Загудели невидимые генераторы, блоки засияли ярче, увеличивая
— Ну здравствуй, Леснид! Давно не виделись!
Кащей сглотнул и вдруг понял, что знает сидевшего перед ним кремнита. В голове одна за другой вырывались из небытия старые-старые мысли и чувства, и внезапно, пробив стены далеких тайников подсознания, они хлынули мощной волной воспоминаний, сметающей на своем пути все преграды беспамятства…
…Жили-были на одной чудной планете веселые люди, знавшие настоящее Волшебное слово (сами они его придумали или подсказал кто — легенды коварно умалчивали). Стоило им захотеть чего-нибудь трудновыполнимого (а то и простую безделушку), как они произносили заветное слово, и их желание сразу же исполнялось. Но волшебные ресурсы слова были невосполнимы, и, хотя оно много лет выполняло любое желание, скорость выполнения со временем упала в десятки, чуть ли не в сотни раз. И настал тот черный день, когда люди, к своему ужасу, сообразили, что слово вот-вот потеряет свою силу навсегда. И собрались тогда самые умные люди, чтобы придумать, как же им жить без Волшебного слова. За окнами вставал рассвет и догорал закат, а они все сидели и думали, как разрешить неразрешимое. И все-таки нашли решение: придется смириться, но напоследок загадать такое желание, чтобы о нем с гордостью вспоминали лишенные волшебства их близкие и далекие потомки. Дважды они дико ссорились и мирились, но ничего толкового так и не придумали. И спорили бы они до самой смерти, если бы на третьи сутки к ним не вошла вечно ворчливая уборщица с мокрой тряпкой-самомойкой и не сказала:
— Сколько можно попусту сотрясать воздух? Хватит уже, насиделись! Вот пускай каждый сам придумает себе Волшебное слово и мучается с ним, сколько пожелает! А теперь убирайтесь, мне полы мыть надо!
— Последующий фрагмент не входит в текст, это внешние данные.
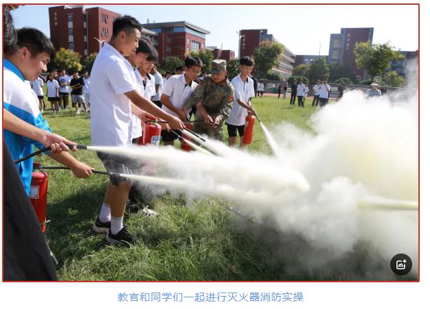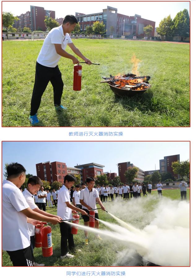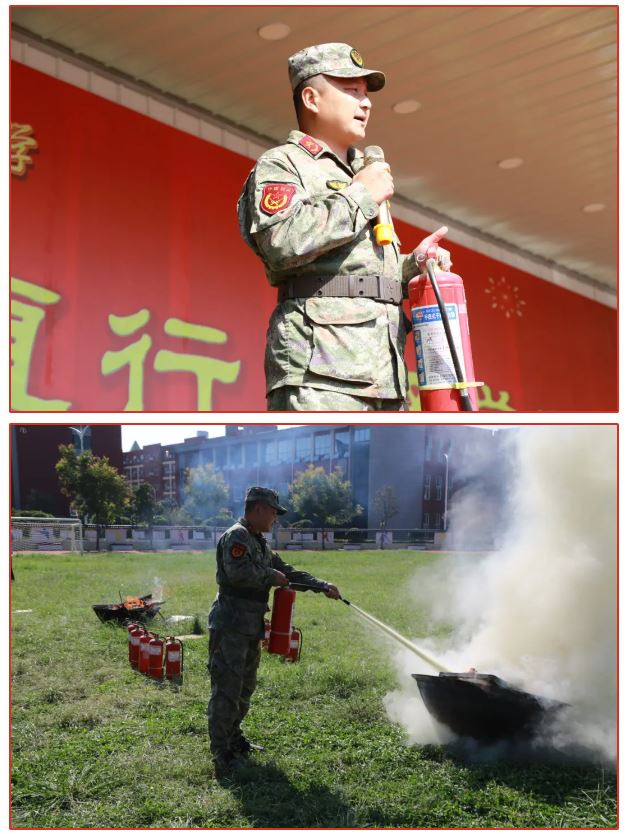 同学们在田径场迅速集合完毕。消防教官为同学们讲解预防火灾的安全知识和灭火器的使用步骤:提、拔、握、压、喷;并现场做了演示。同学们积极参与其中,进行实操演练。
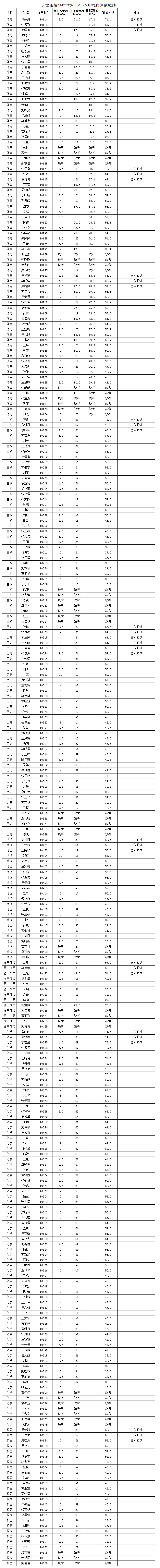 天津市耀华中学2020年公开招聘笔试成绩
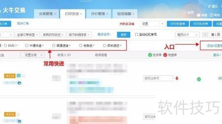 2、 在千牛插件中打开软件,选择批量打印发货,点击添加/设置常用快递进入配置页面。
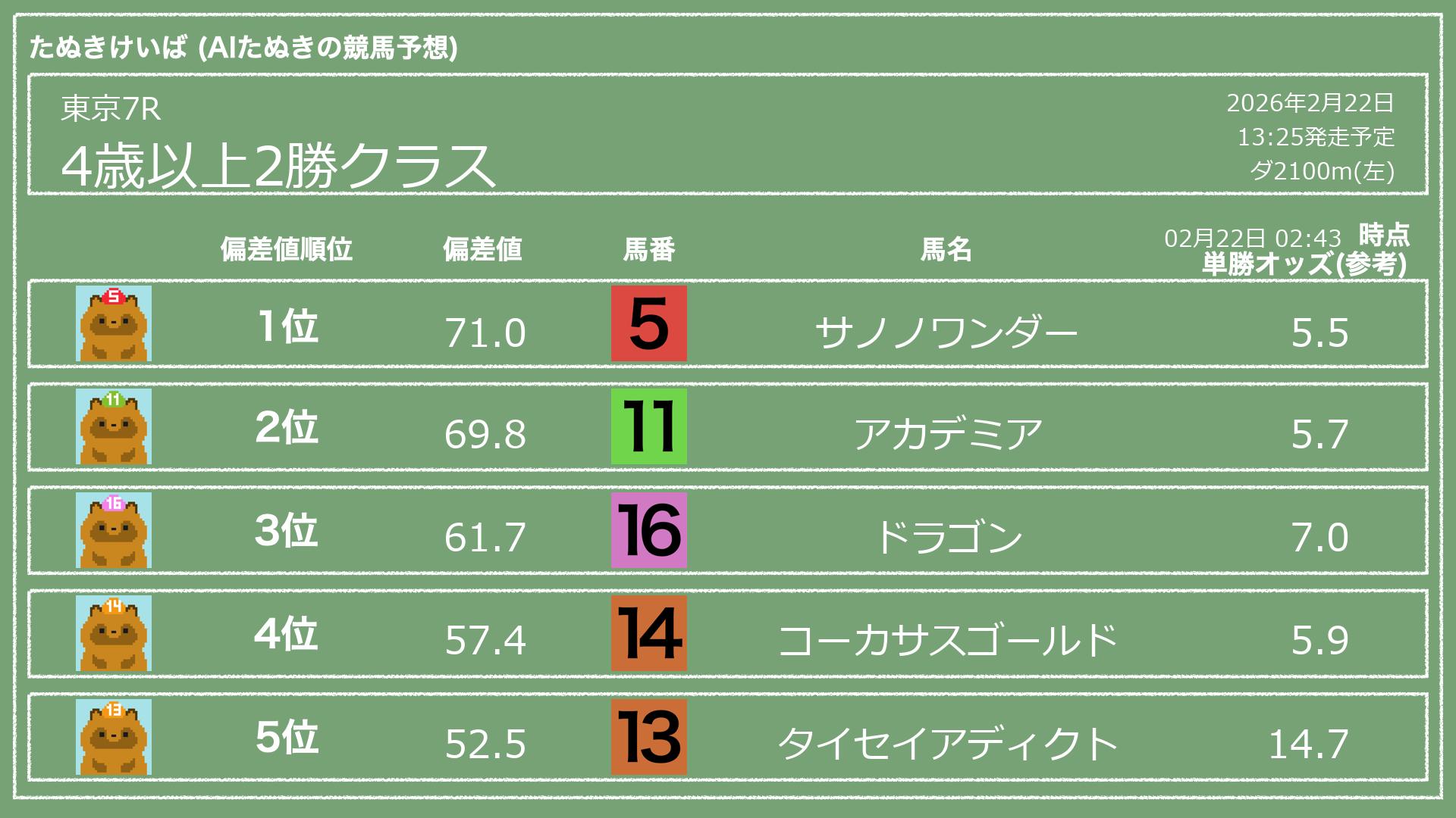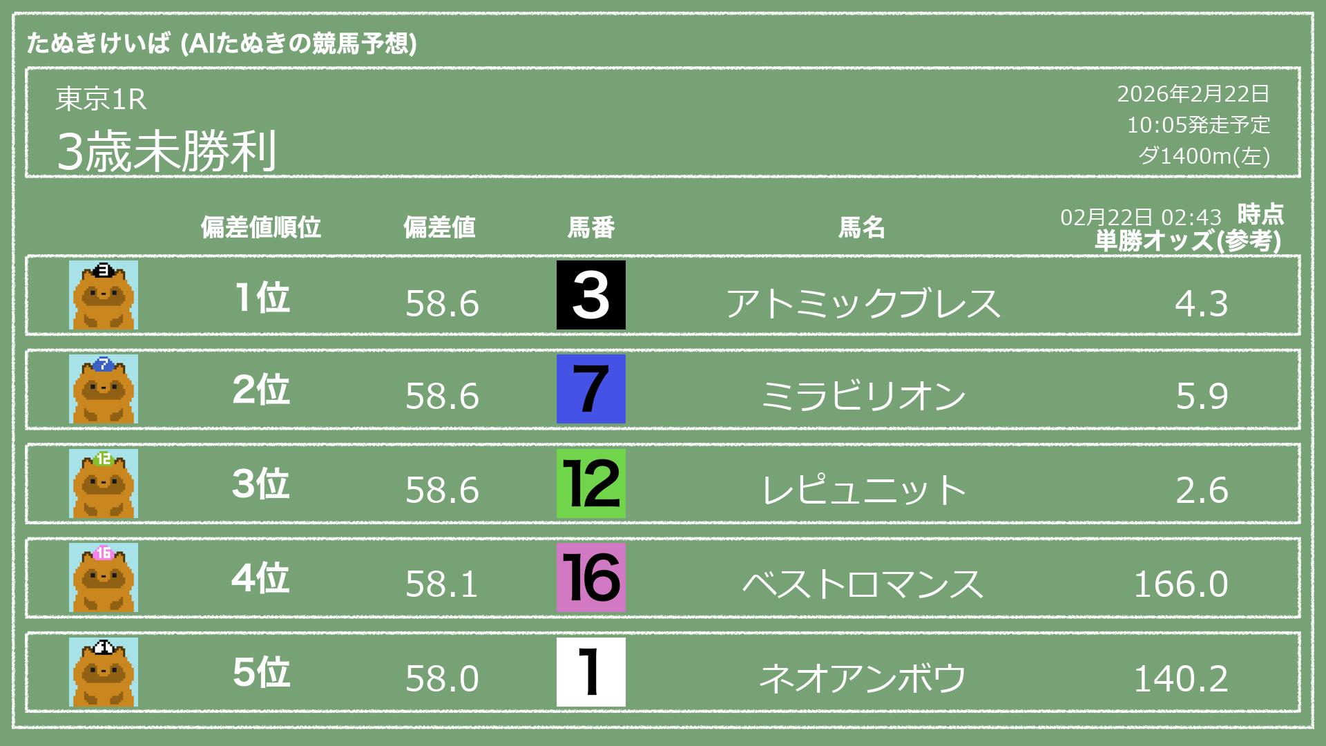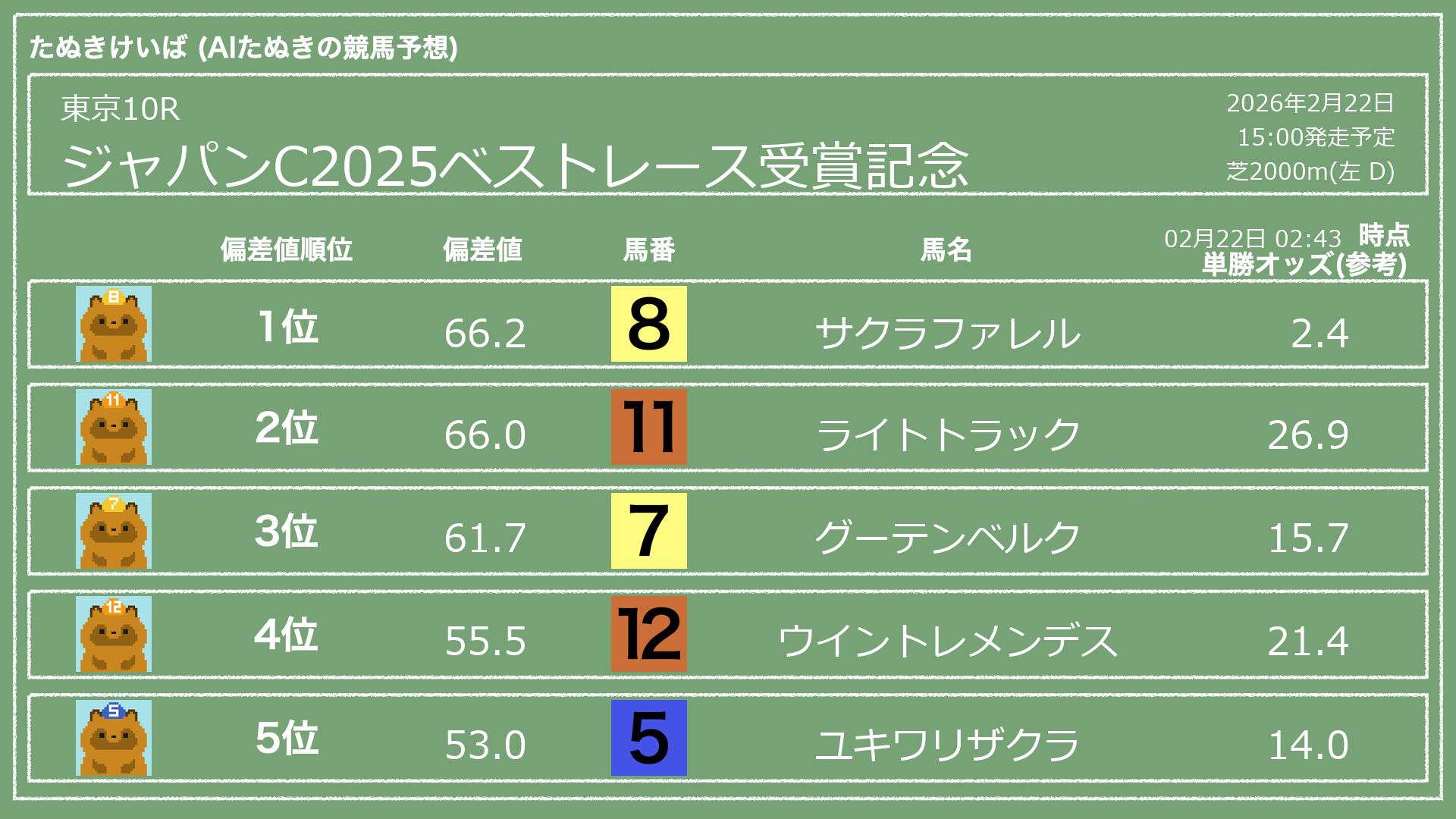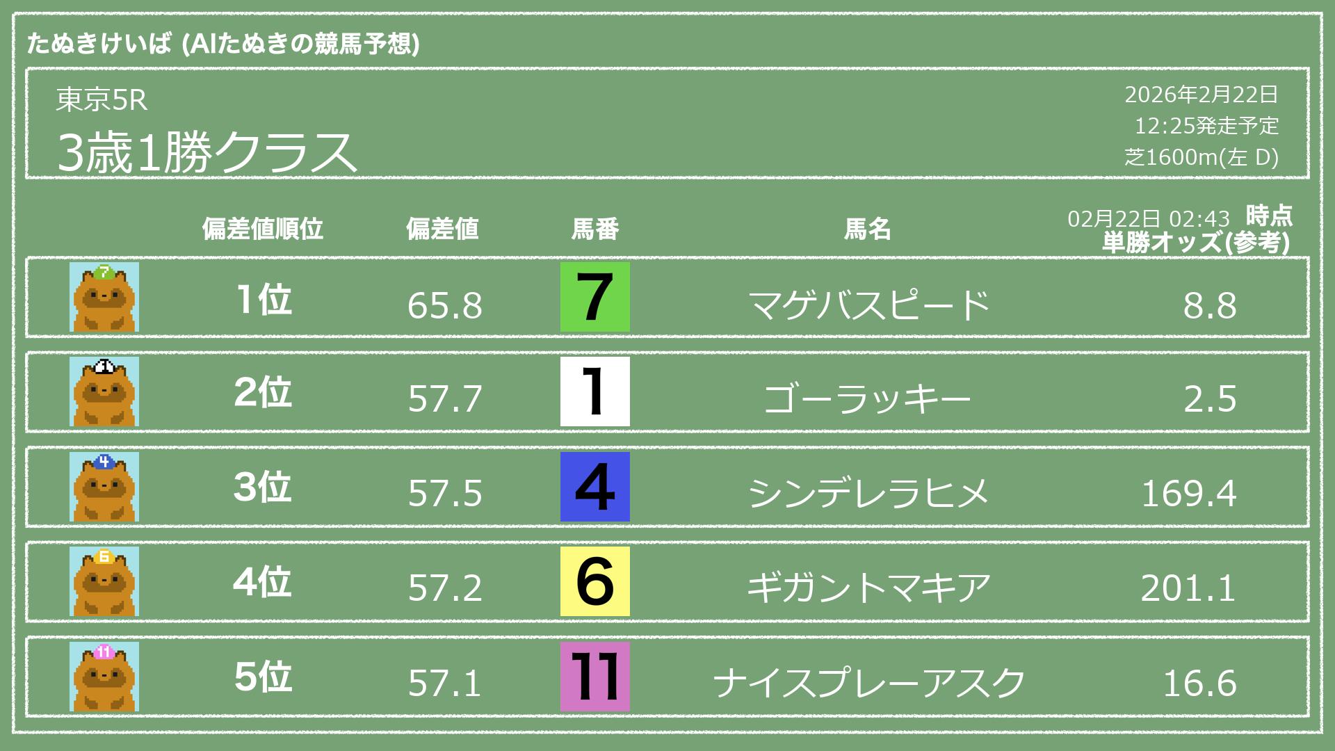 | 枠番 | 馬番 | 馬名 | 人気(予想時点) | オッズ(予想時点) | 馬券偏差値 | |
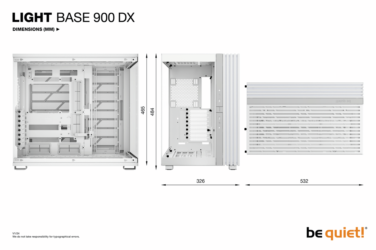 Light Base 900 DX White features a flexible VGA holder that subtly prevents your GPU from sagging. The best part: This holder works in any orientation and with a horizontally or vertically installed graphics card. The result is a clean look even if you use big and heavy graphics cards.

Спорщики перестали спорить, переглянулись и радостно закричали:
— Гениально!!! Вот оно, Настоящее Последнее Желание!!!
— Убраться отсюда? — не поняла уборщица. — Или полы всем миром помыть?
— КАЖДОМУ ЧЕЛОВЕКУ ДАТЬ УМЕНИЕ СОЗДАВАТЬ СВОЕ СОБСТВЕННОЕ ВОЛШЕБНОЕ СЛОВО!!!
И загадали его.
Так появились первые колдуны. И хотя новоявленные слова исполняли всего по одному желанию, это не могло испортить ощущения безграничного счастья от возвращения исчезнувшего было волшебства, потому что на каждую задумку колдуны могли придумать свое слово.
Прошло триста лет, и колдуны вдруг осознали, что далеко не каждый из них способен придумать качественное заклинание. Многие умели грамотно ими пользоваться, но не могли придумать новые. А те, которые могли придумать, все меньше и меньше хотели помогать с составлением менее удачливым коллегам.
Это была первая ласточка грядущих неприятностей…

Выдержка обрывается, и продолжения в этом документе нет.